Going further, news of energy records being set by organic solar cells made it to BBC News on August 2018 after those previously mentioned German researchers were able to crack up to a rate of 27.3% for sunlight conversion.

For context, the average before this as around 15-22% of sunlight being converted, so naturally this is a big step forward.

There is also a big hope for Perovskite Solar Cells which could be a key component in bringing the cost down when it comes to using solar energy in general.

With silicone being a costly product to manufacture and use in the process of providing solar energy, perovskite solar cells are much the opposite, man-made and thin and flexible enough to be simply painted on the side of a building!

In conclusion…

Although plenty of milestones are being reached today in the field of solar cell fabrics and the fact that solar clothing is fast becoming a genuine and practical reality, feeling closer than ever, there are still plenty of challenges ahead that must be overcome before it can indeed happen.

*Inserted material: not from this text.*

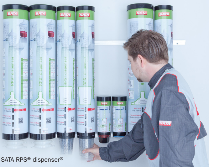
SATA RPS® dispenser®
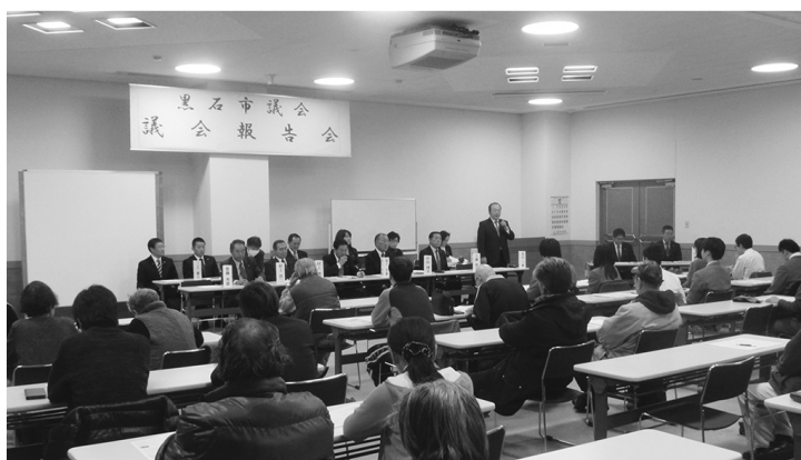
多数の御参加お待ちしております

内容：平成30年第1、2回定例会の報告 主な審議議案について 平成30年度予算について 自由意見交換

From things such as the cost of potentially thousands of embedded cells into clothing to the durability issues of said clothes when it comes to being lived in and indeed, over multiple washes, the requirement of a battery system and even connection points that allow the clothes to hold a charge.

That’s not forgetting the challenges from the environment as we strive to find an excellent alternative solution to fossil fuels that is practical, but yet stylish for everyday consumption.

Make no mistake though, solar manufacturing costs are falling every day and the appeal of these clothes and accessories is only growing, it feels as if this could be a giant answer in the quest to find useful and impactful renewable energy, and it’s right on the clothes we soon could be wearing to work, the gym, the party or even our holidays!